Émile Durkheim ha cercato di mostrare, nella sua opera fondamentale del 1912 dedicata a Le forme elementari della vita religiosa, l'origine unicamente sociale della religione. Durkheim sostiene che la religione è "un sistema solidale di credenze e di pratiche relative a cose sacre, cioè separate e interdette, le quali uniscono in un'unica comunità morale, chiamata Chiesa, tutti quelli che vi aderiscono". Secondo questa interpretazione, la religione riflette e insieme rinforza la struttura della società alla quale i suoi membri appartengono. In qualsiasi società vi sono interessi e credenze diversi; la religione promuove l'integrazione o l'unità, ricollocando interessi e credenze in un insieme di significati condivisi dalla collettività.
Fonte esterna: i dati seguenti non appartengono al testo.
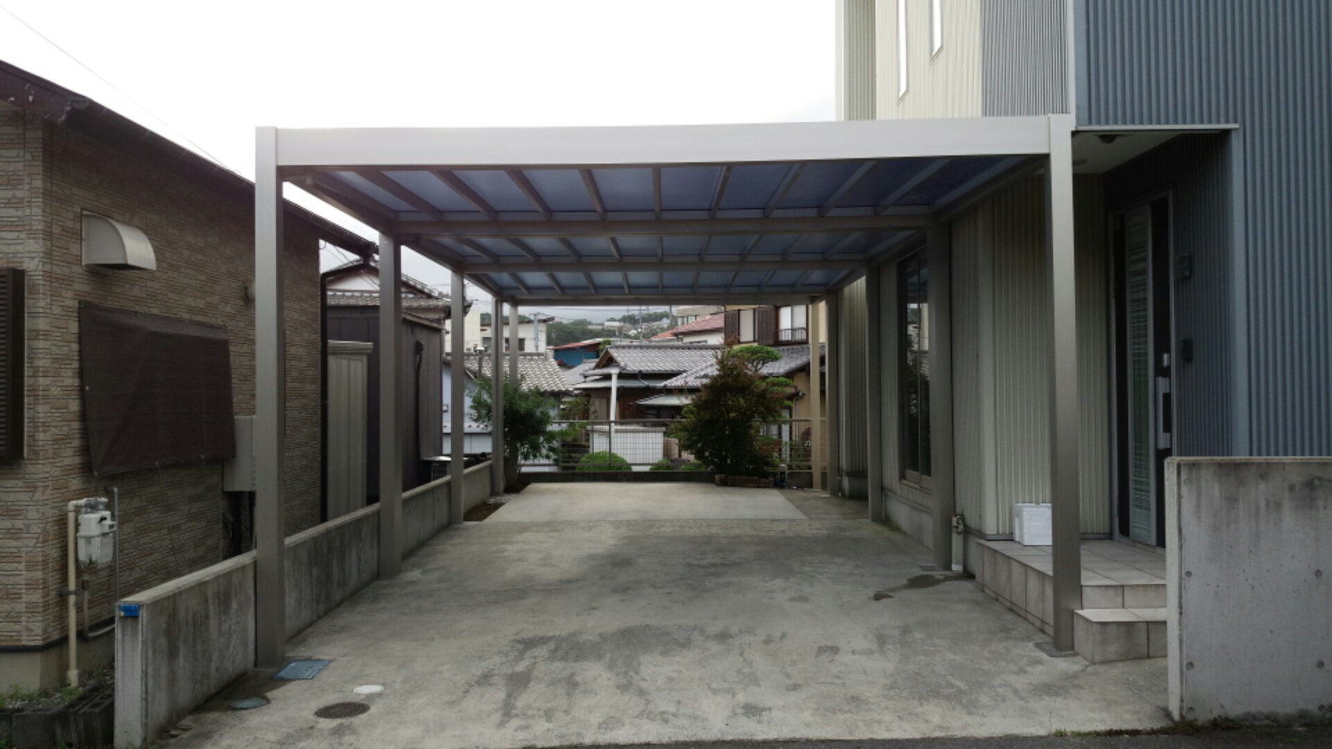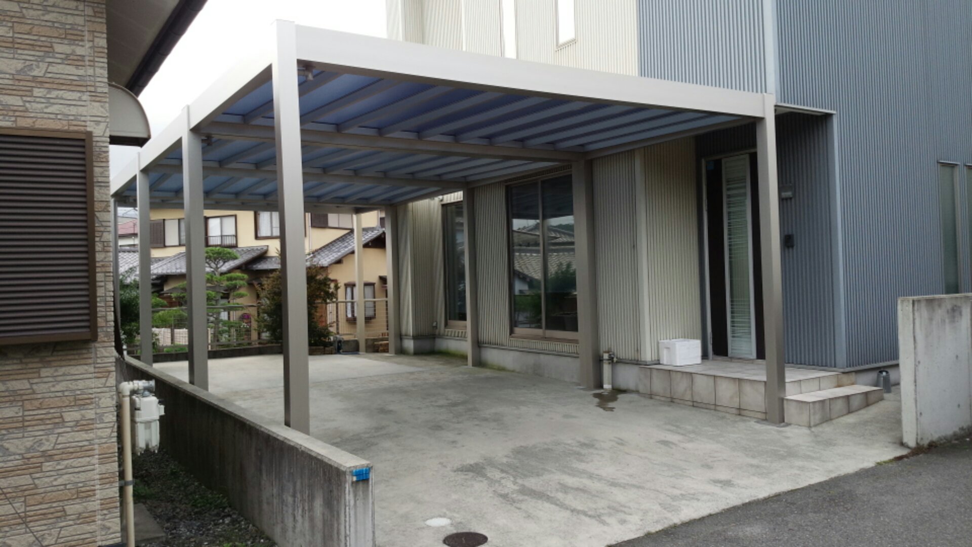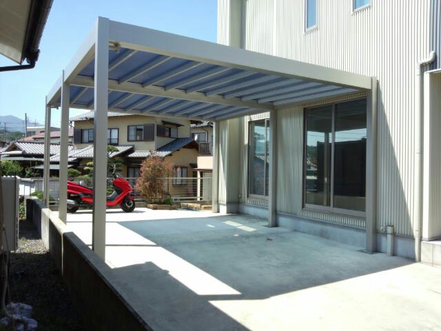 YKKAPのリレーリアとゆうカーポートなのですが、地形や建物に合わせ自由にカスタマイズできる見た目スタイリッシュなカーポートで今回は、既存のカーポートの前後に新たに同じカーポートを連結とゆう形でカーポートを延長しました。
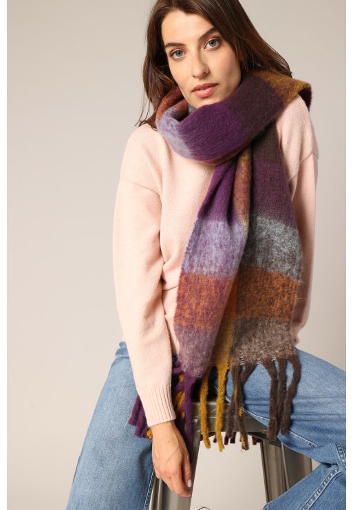Play with shades in a soft way with this wide checked scarf. Its fluffy material offers a soft touch and an enveloping sensation, perfect for facing cool days.
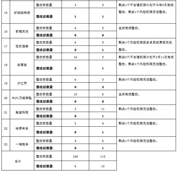 上海网信办对各App运营企业的整改工作进行督促落实,要求各企业按照整改报告切实做好整改工作。截止1月中旬,各App共整改158个“不合理权限”和98个“合理但存在风险权限”。整改后剩余6个“不合理权限”因企业战略调整等原因还未整改,但都已列出详细整改计划,剩余15个“合理但存在风险权限”因安卓系统的限制,无法完成“修改为一次性授权”的整改,但会对此类权限加强网络安全管控,严防个人信息泄露风险。各App整改前、整改后的权限数量和未整改权限的整改计划等情况详见下表。
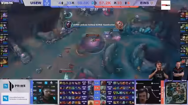 06:27:35Das Showmatch wird detailliert analysiert und kritisch kommentiert. Fokus liegt auf den individuellen Leistungen und den Fehlern der Spieler. Besonders Tristan Schrages Spielweise als Master Yi wird intensiv hinterfragt, da er vermeidbare Chancen und Fails zeigt. Sein ungewöhnlicher Champion-Pick wird ebenfalls diskutiert. Der Streamer äußert seine Frustration über das bunte, aber strategisch fragwürdige Teamkomp und die unprofessionellen Overlay-Probleme der Produktion.
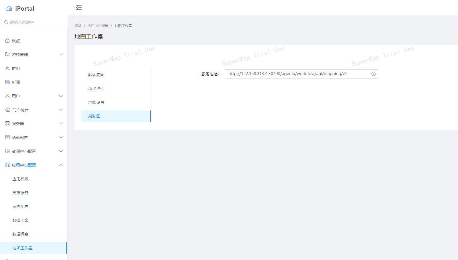 图:云套件iPortal GPA共享存储配置页面 (3)如需使用iPortal MapStudio AI制图功能,需要在云套件的iPortal中配置 AI 制图地址,服务地址填写为:

Questa funzione unificatrice è evidente in modo particolare nella pratica dei rituali, dove in modo visibile e pubblico gli interessi vitali della società vengono simbolicamente innalzati verso il regno del sacro.

La teoria della religione di Durkheim può essere vista come una sorta di circolo, che ha nella struttura sociale l'inizio e la fine. La società organizza le esperienze umane; le persone cercano una spiegazione di questa influenza in qualcosa di ulteriore rispetto alle loro reciproche relazioni e conseguentemente sviluppano religioni che riassumono la struttura della loro società. Per esprimere queste credenze religiose le persone elaborano dei rituali, i quali hanno l'effetto di consolidare il gruppo e le sue credenze controllando il comportamento dei membri e complessivamente rinforzando la struttura della società.

A partire dalle idee di Durkheim, e grazie a un intenso lavoro di ricerca svolto soprattutto a partire dagli anni '30 dalla corrente funzionalista, si sviluppa una concezione sempre più rigorosamente organicistica della religione (considerata non tanto per ciò che essa è, ma per come agisce sulla società), che viene pensata in generale come una risposta culturale ­ costituita da credenze, valori, norme, simboli, modalità associative e di socializzazione ecc. ­ al rischio della perdita di equilibrio psichico da parte dell'individuo e al rischio di disgregazione del gruppo e della società a esso connessa. Per T. Parsons, per esempio, la religione è un insieme di orientamenti cognitivi, cioè un sistema di credenze istituzionalizzate che ha il potere, per la sua pervasività rispetto al senso complessivo dell'esistenza, di orientare l'intero comportamento dell'individuo. La religione è vista, in quest'ottica, come un'istituzione universale che influenza in profondità la struttura dell'azione sociale, e quindi gli ambiti dell'economia e della politica.